The seed of our soul representing the vulgar gold of the alchemists, and the ego consciousness as a separation from that which is the universal, is placed in the black earth as the womb and the raw richness of the darkness of the unconscious, the tomb of Osiris or the sepulcher of Christ. In this tomb, after putrefying, it is reborn and blooms to full flower and grows into the full expression of the potentiality it held. It is in the cycle of the winter of our consciousness, that as a seed, we are placed into the earth to be broken, to be opened, to mortify, to putrefy and enter our tomb, where we come face to face with the depth of our inner darkness. Oh what a sorry state, what an agonizing situation. How can this be the blessed darkness of the alchemists?

Julius Evola in the hermetic Tradition says, “ The seed is, first of all, vulgar gold, which separated from the Mine (Universal Life) is as dead; but when thrust into the earth, or the field, and after putrefying, it is reborn and brings to full flower the principle whose potentiality it held.” If the vulgar gold of the alchemists is the soul and ego personality, then what is the symbolism of the earth or the field?

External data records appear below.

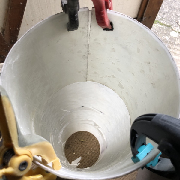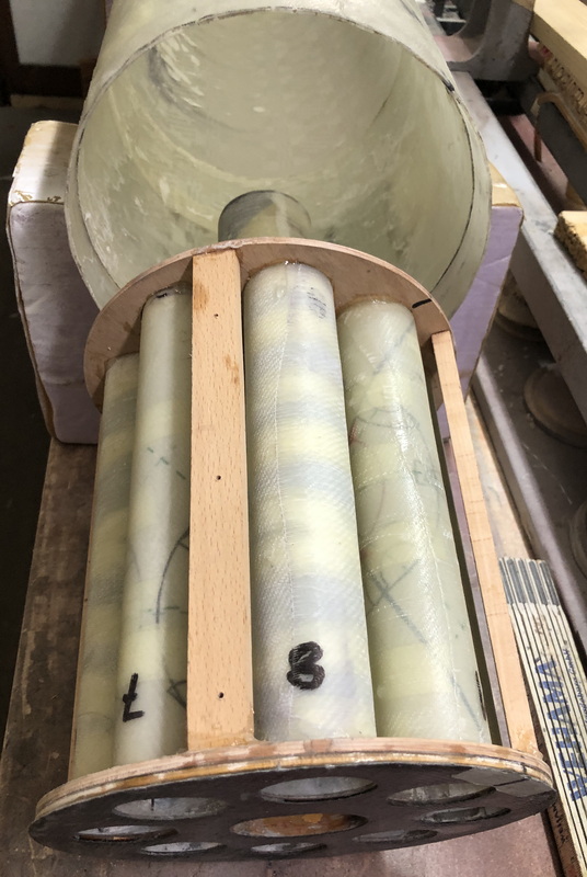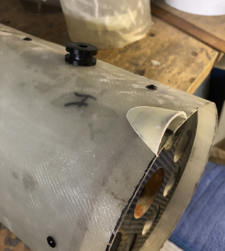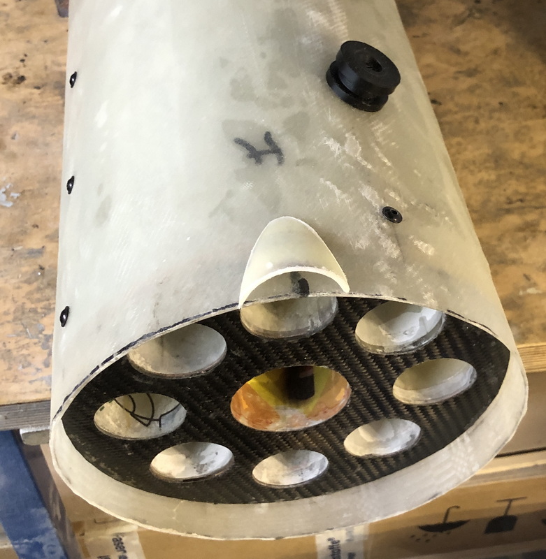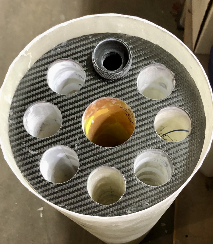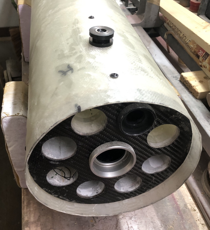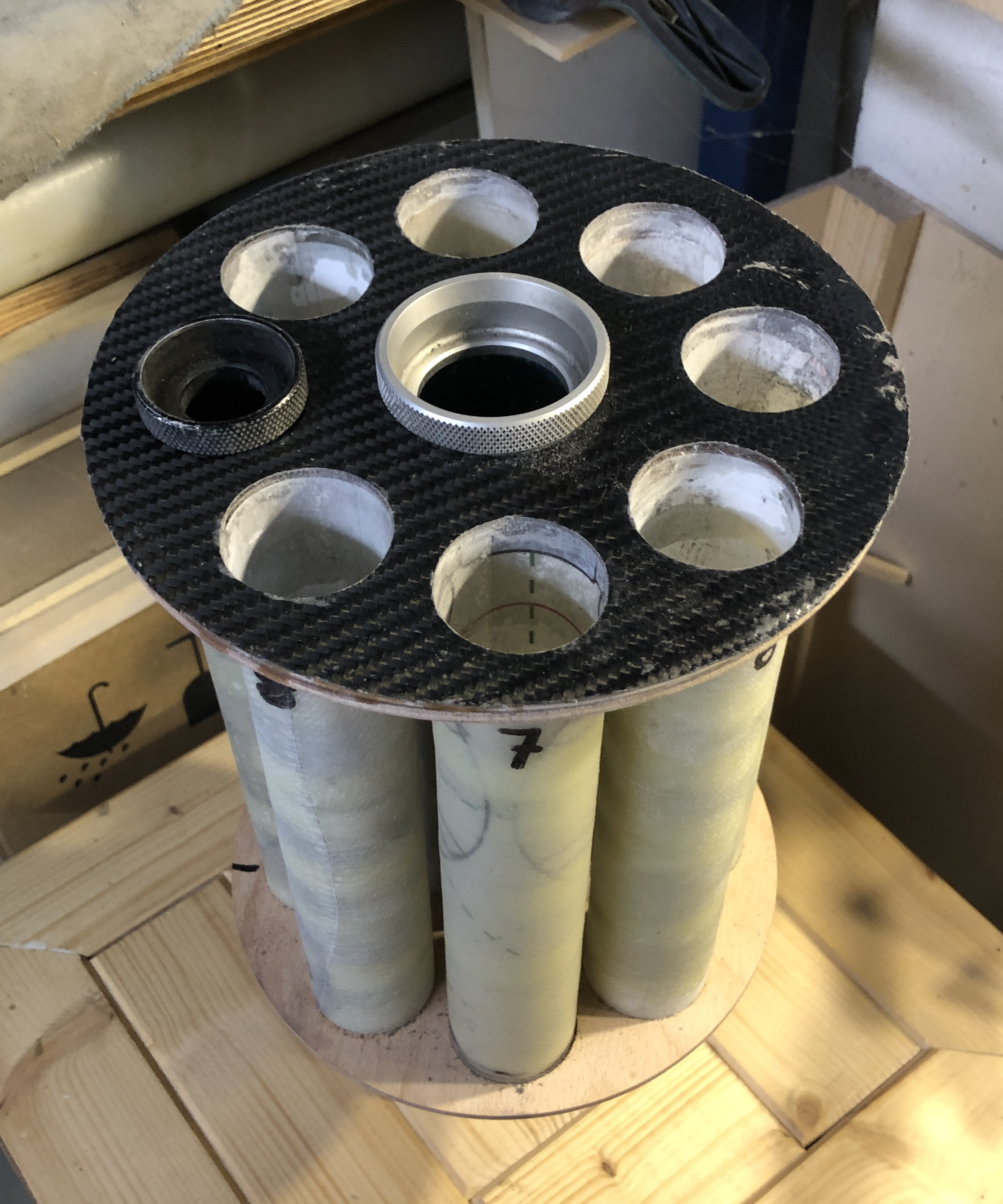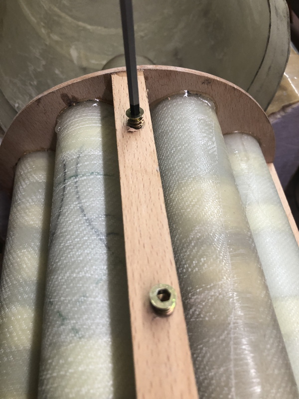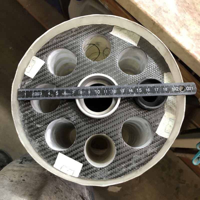 Ich würde ihn aber nicht fest ins Körperrohr einkleben sondern wechselbar ausführen! Genau das habe ich vor, aber nicht wegen eines anderen Motors, sondern weil ich bei dem fest eingeklebten Clusterbocks nicht mehr von innen an das Körperrohr komme. Und ich will von innen die vier großen Chime mit integrierten, durchsichtigen Acrylflügeln anschrauben. So kann man sie gegebenen Falls auswechseln. So, der Block sitzt schon mal.
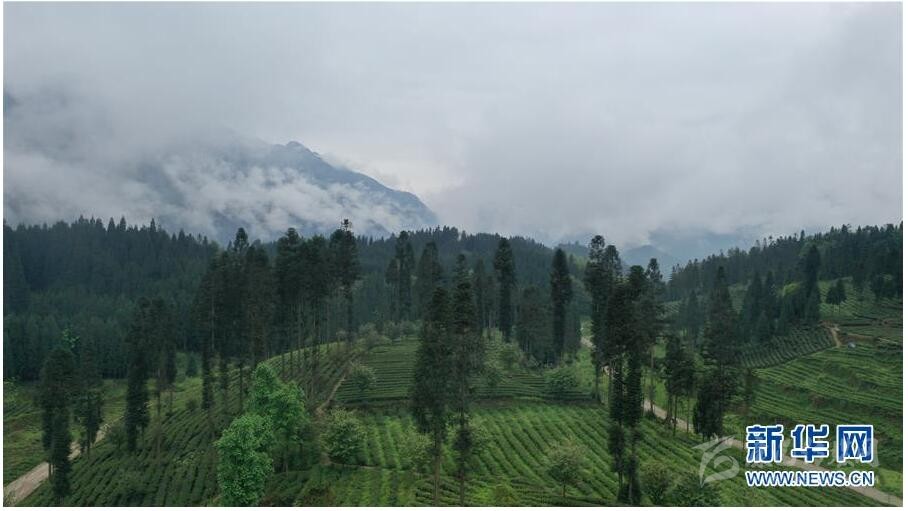 這是4月20日在蘆山縣寶盛鄉(xiāng)拍攝的茶園(無人機(jī)照片)。
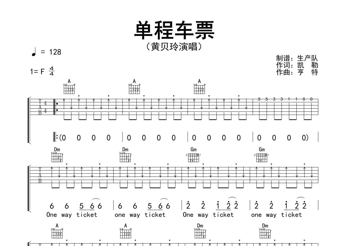 《单程车票》是黄贝玲演唱的一首歌曲,精编扫弦版,拍号为4/4拍,歌曲速度为每分钟128拍,歌曲原调为F调,但由于原调指法比较难,为了方便弹奏,本吉他谱采用的是F调指法编配,演奏时不需要使用变调夹即为原调,这份吉他谱共有三张高清图谱,图谱由 @生产队 编配上传,图谱使用六线谱编配,包含吉他和弦指法、简谱以及歌词部分,使用这份单程车票吉他谱,可以让你更加方便地掌握这首歌曲的弹唱技巧,快来尝试吧。《单程车票》是由黄贝玲演唱的一首歌曲。本吉他谱根据原版F调指法编配,扫弦切音节奏,效果非常好,一首动感十足的歌曲,摇摆起来吧!。
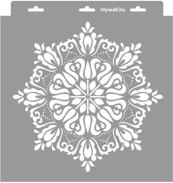 Mandala, de most magyaros motívumokkal körítve. Szakítunk a megszokottal, és a keleti mandalák helyett, rendhagyó módon bemutatjuk ezt a matyó tulipánokkal díszített mandala stencilt. Fedezd fel a tradíciók és a modern stílus egyedülálló keverékét ebben az egyedi mintában! Tartós, többször felhasználható áttetsző, rugalmas műanyag stencil. Ívelt felületekhez is hasz
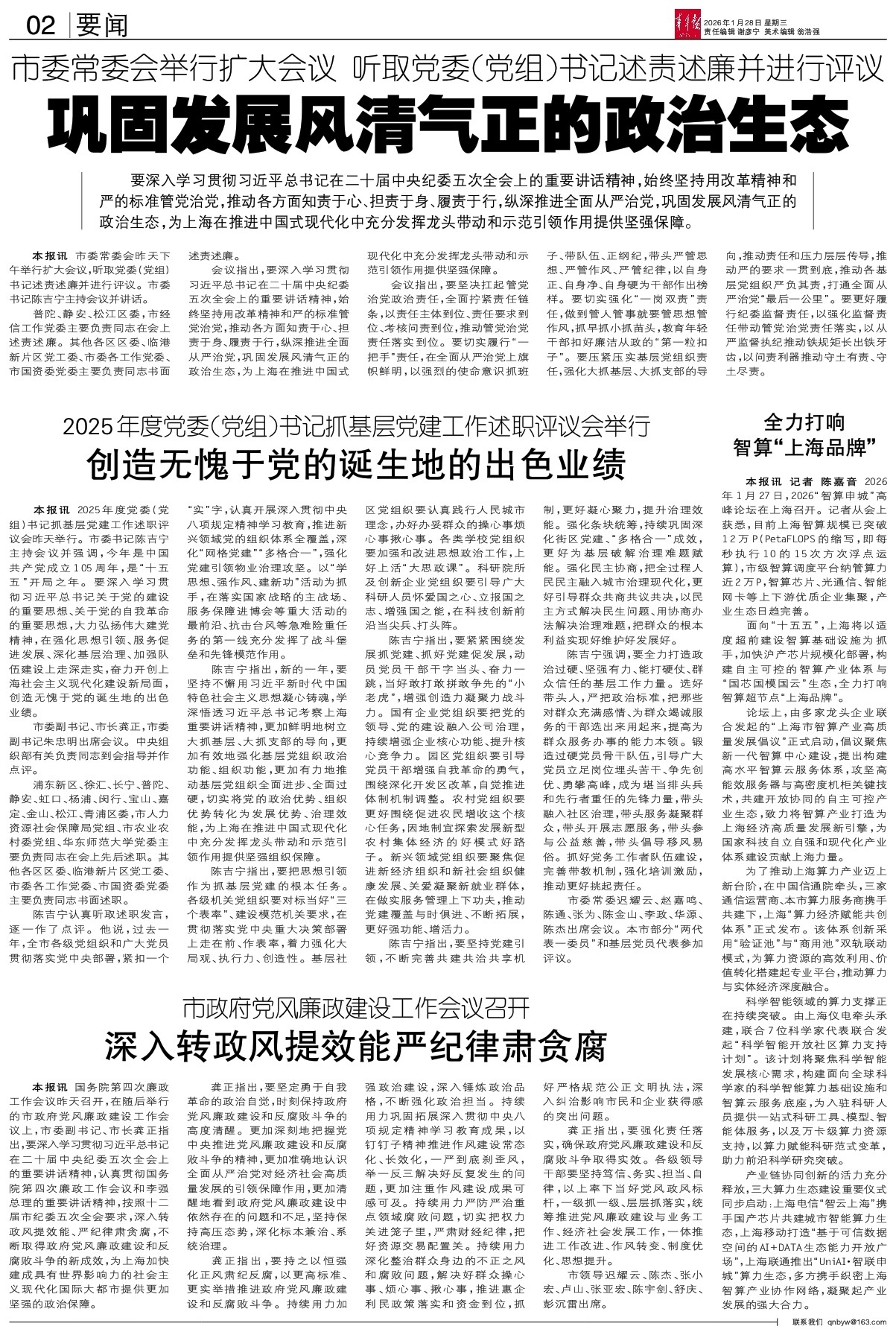 会议指出,要深入学习贯彻习近平总书记在二十届中央纪委五次全会上的重要讲话精神,始终坚持用改革精神和严的标准管党治党,推动各方面知责于心、担责于身、履责于行,纵深推进全面从严治党,巩固发展风清气正的政治生态,为上海在推进中国式现代化中充分发挥龙头带动和示范引领作用提供坚强保障。
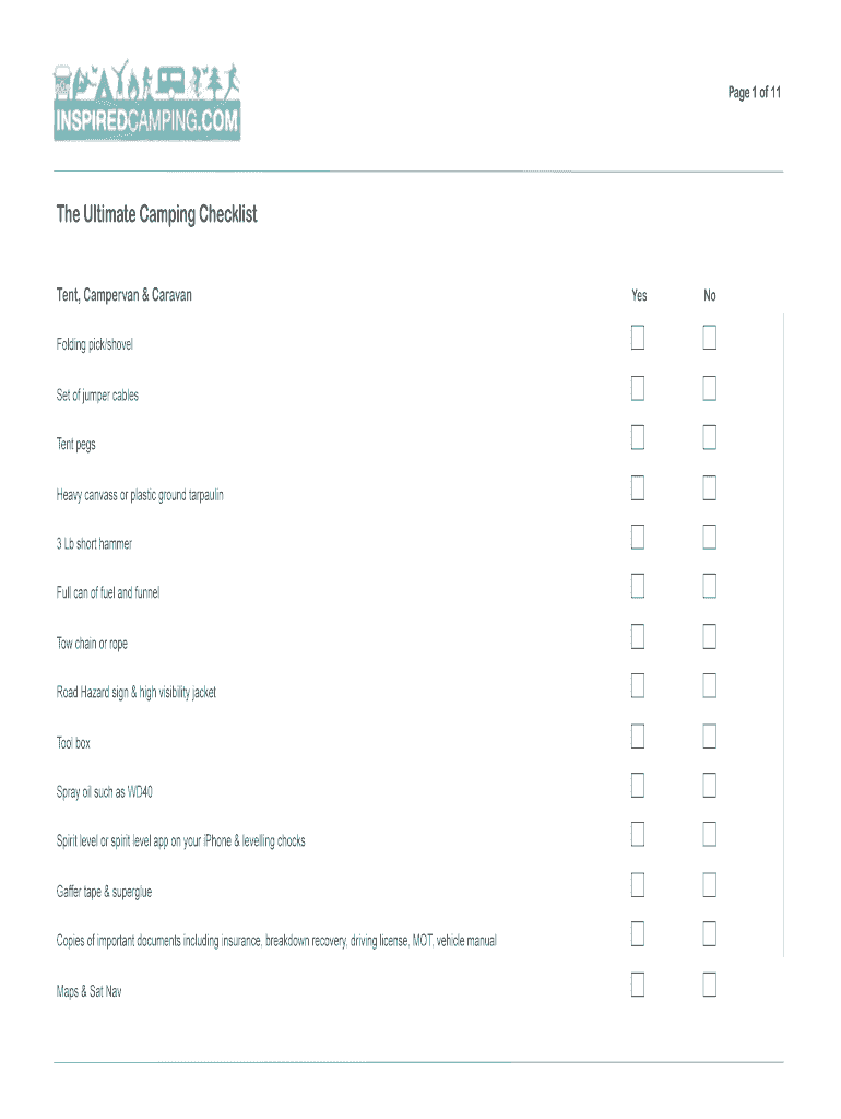 Page 1 of 11The Ultimate Camping Checklist Tent, Camper van & Caravan Folding pick/shovel Set of jumper cables Tent pegs Heavy canvass or plastic ground tarpaulin 3 Lb short hammer Full can of fuel
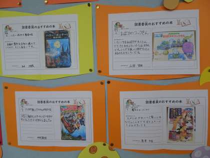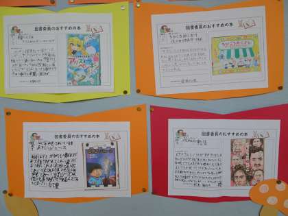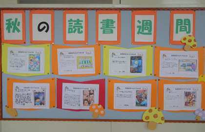 図書室横の掲示板に、秋の読書週間の取り組みとして図書委員によるおすすめ本が掲示されました。おもしろそうだなあ、という本があったらぜひ読んでみてくださいね。
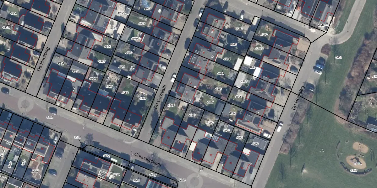 Het perceel waarop De Cavaletti 2 staat heeft een oppervlakte van 253 m². Dit is een middelgroot perceel. De perceeloppervlakte wordt geregistreerd door het Kadaster. Gedetailleerde informatie over de maten van dit perceel kunt u vinden in het rapport Kadastrale kaart met maatvoering van De Cavaletti 2.
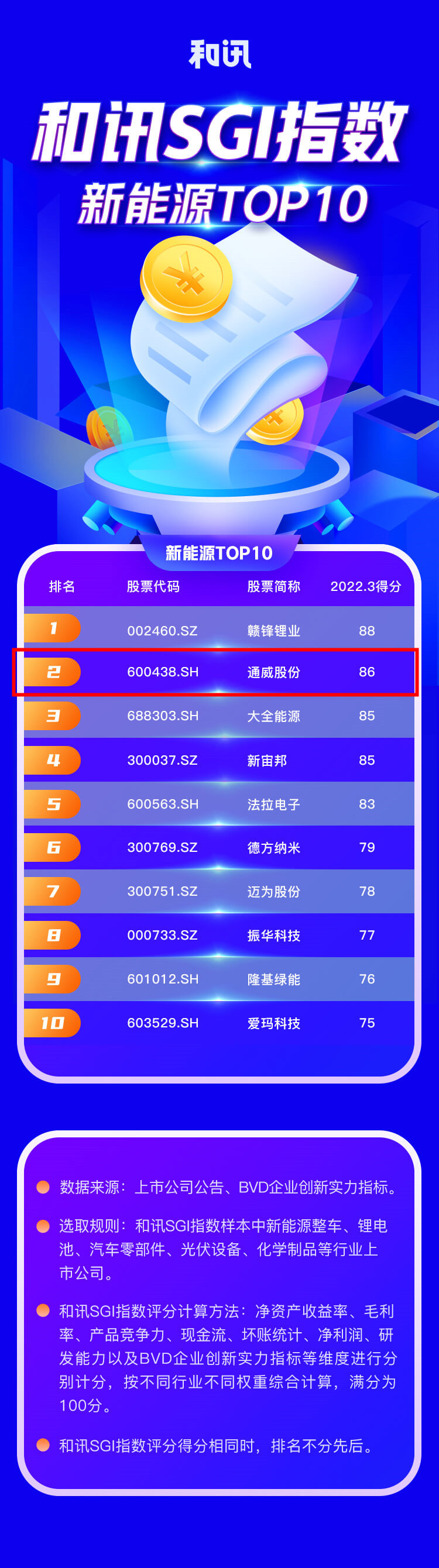 和訊SGI·2022第一季度新能源TOP10榜單發布,通威位列前三
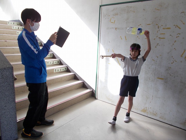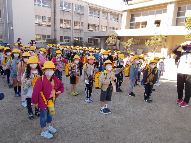 1年生は小学校で初めての校外学習に出発しました。4年生は、この後エイサーを演じる自画像制作に取り組みます。そのための写真撮影に臨みました。

  This darkness of the tomb, the cultivation of the earth and the field, readily brings to mind the Saturnian aspect of matter and the body. In the Bhagavad-Gita the body is called the field, and those who know this are called the connoisseurs of the field. In the Zohar it is said, “ those alone to whom the mysteries are confided, are called the cultivators of the fields.” The Hermetic Triumph says that, “ The Stone is a Field that the wise cultivate, into which Nature and Art have planted the seed that must produce its fruit.” 

In Basil Valentine’s eighth key we see a man rising out of the grave. Two men with crossbows sit and aim at a square target with a circular bulls-eye, and a key standing above it indicating that in putrefaction is the key to the process. They have attained this since they have hit the bull’s eye. In the center of the picture we see a grave out of which a resurrected man is emerging. To the left of this, vegetation is sprouting representing the fruition of our seed. In the foreground a corpse lies in a ploughed field showing us that the seed which is not placed in the earth does not resurrect. A man on the left is sowing grain, and is greeted by a winged angel with scepter, sounding a trumpet. Black birds behind the man are eating the grain, which is an allegory of the dissolution. Basil Valentine says that, “neither human nor animal bodies can be multiplied or propagated without decomposition; the grain and all vegetable seed, when cast into the ground, must decay before it can spring up again.”

Students of the Hermetic philosophies know that this principle must be understood within ourselves, and that this sowing of the seed is the sowing of our consciousness. This is the “interior way”. Consciousness must be turned inwards through a backward flowing way into the very heart of our corporeality, there to find the gold in Saturn as our philosophic lead. The slow fire of our putrefaction and fermentation is really the regiment of the ‘secret fire’ which allows for the blackest of our metal, the lead of the unconscious, to be whitened through the action of this inner heat. “Decay is a wonderful smith,” says the Golden Chain of Homer, meaning that it transforms one element to another. Through this practice, the vigilant sower and connoisseur of the field will see at the coming spring the efflorescence and blooming of his “Hermetic White Rose” as the first order of the transmutation from lead to silver. 

To everything there is a season, and our black winter will give way to our blossoming spring, where if we have kept our vigil, we will understand the words of Corinthians 15,36-44, “what was sown in the earth as a perishable thing is raised imperishable.” Let us then obey the laws of nature and “follow in her footsteps”. Let us look forward to the seasons and let us always be prepared for the work that is to be done in them as the blackening of winter, the white blossoming spring, the red hot summer and the golden autumn.